- Opening Delimiter -
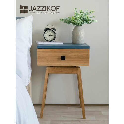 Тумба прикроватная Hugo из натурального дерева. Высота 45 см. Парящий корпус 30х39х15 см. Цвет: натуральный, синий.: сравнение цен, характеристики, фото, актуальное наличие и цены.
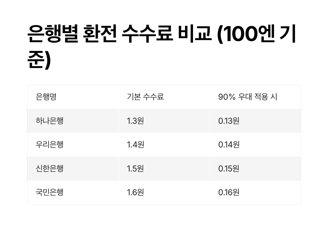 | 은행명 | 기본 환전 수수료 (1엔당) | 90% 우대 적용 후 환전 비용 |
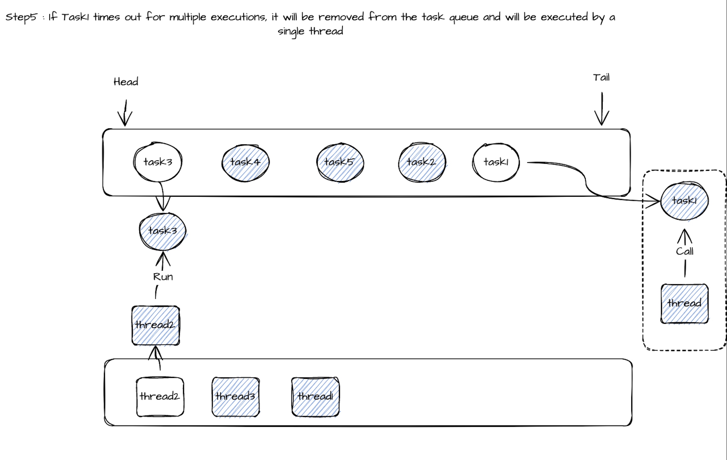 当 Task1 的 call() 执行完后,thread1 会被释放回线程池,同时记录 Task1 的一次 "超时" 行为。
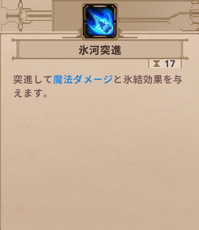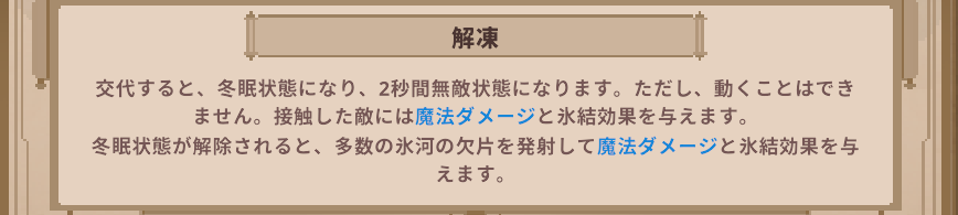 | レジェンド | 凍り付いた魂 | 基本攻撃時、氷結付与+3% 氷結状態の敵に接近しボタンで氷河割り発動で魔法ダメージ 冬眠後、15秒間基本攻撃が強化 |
- Closing Delimiter -
**PROBLEM DETAILS**
Copy out the whole listing word for word, except for any picture it includes.

**WRITTEN SOLUTION**
 Тумба прикроватная Hugo из натурального дерева. Высота 45 см. Парящий корпус 30х39х15 см. Цвет: натуральный, синий.: сравнение цен, характеристики, фото, актуальное наличие и цены.
 | 은행명 | 기본 환전 수수료 (1엔당) | 90% 우대 적용 후 환전 비용 |
 当 Task1 的 call() 执行完后,thread1 会被释放回线程池,同时记录 Task1 的一次 "超时" 行为。
 | レジェンド | 凍り付いた魂 | 基本攻撃時、氷結付与+3% 氷結状態の敵に接近しボタンで氷河割り発動で魔法ダメージ 冬眠後、15秒間基本攻撃が強化 |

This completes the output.